- What to produce -
Reproduce the data below exactly as written. Pictures do not belong in the copy.

- Information shown -
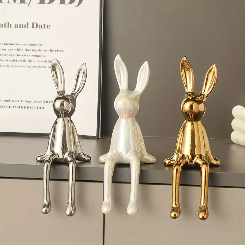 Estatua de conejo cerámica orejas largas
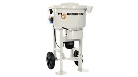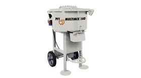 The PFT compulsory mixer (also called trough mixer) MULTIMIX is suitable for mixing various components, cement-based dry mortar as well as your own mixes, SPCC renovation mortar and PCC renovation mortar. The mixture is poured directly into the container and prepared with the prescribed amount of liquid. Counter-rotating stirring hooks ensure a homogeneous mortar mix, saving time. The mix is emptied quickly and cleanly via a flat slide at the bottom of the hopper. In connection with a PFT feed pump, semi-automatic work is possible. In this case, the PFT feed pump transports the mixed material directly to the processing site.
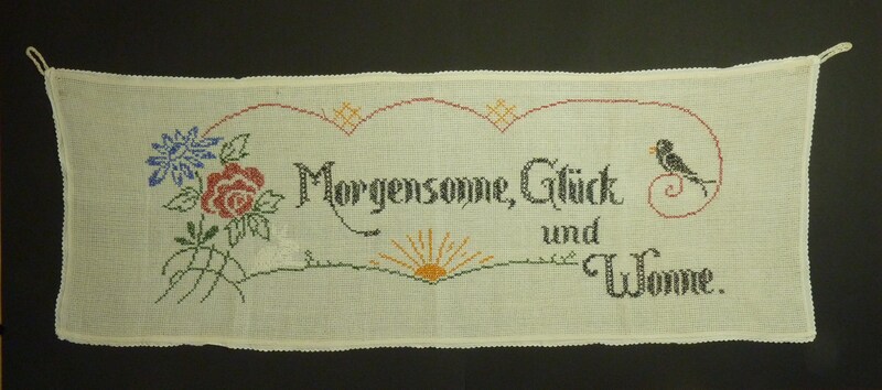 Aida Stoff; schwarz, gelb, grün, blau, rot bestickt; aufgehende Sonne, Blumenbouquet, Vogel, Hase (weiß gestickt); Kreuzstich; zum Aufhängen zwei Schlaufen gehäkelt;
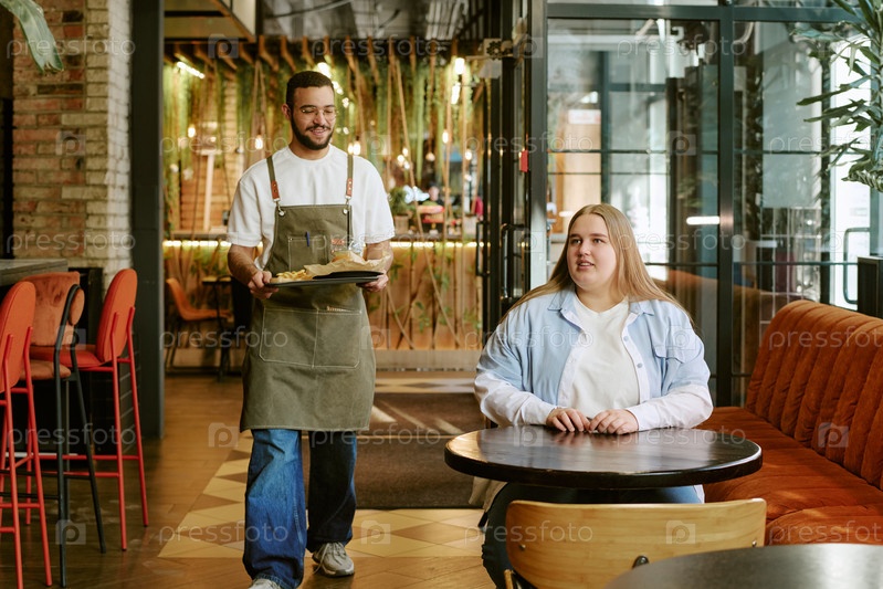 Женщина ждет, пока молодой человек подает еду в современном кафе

- Response box -
 Estatua de conejo cerámica orejas largas
 The PFT compulsory mixer (also called trough mixer) MULTIMIX is suitable for mixing various components, cement-based dry mortar as well as your own mixes, SPCC renovation mortar and PCC renovation mortar. The mixture is poured directly into the container and prepared with the prescribed amount of liquid. Counter-rotating stirring hooks ensure a homogeneous mortar mix, saving time. The mix is emptied quickly and cleanly via a flat slide at the bottom of the hopper. In connection with a PFT feed pump, semi-automatic work is possible. In this case, the PFT feed pump transports the mixed material directly to the processing site.
 Aida Stoff; schwarz, gelb, grün, blau, rot bestickt; aufgehende Sonne, Blumenbouquet, Vogel, Hase (weiß gestickt); Kreuzstich; zum Aufhängen zwei Schlaufen gehäkelt;
 Женщина ждет, пока молодой человек подает еду в современном кафе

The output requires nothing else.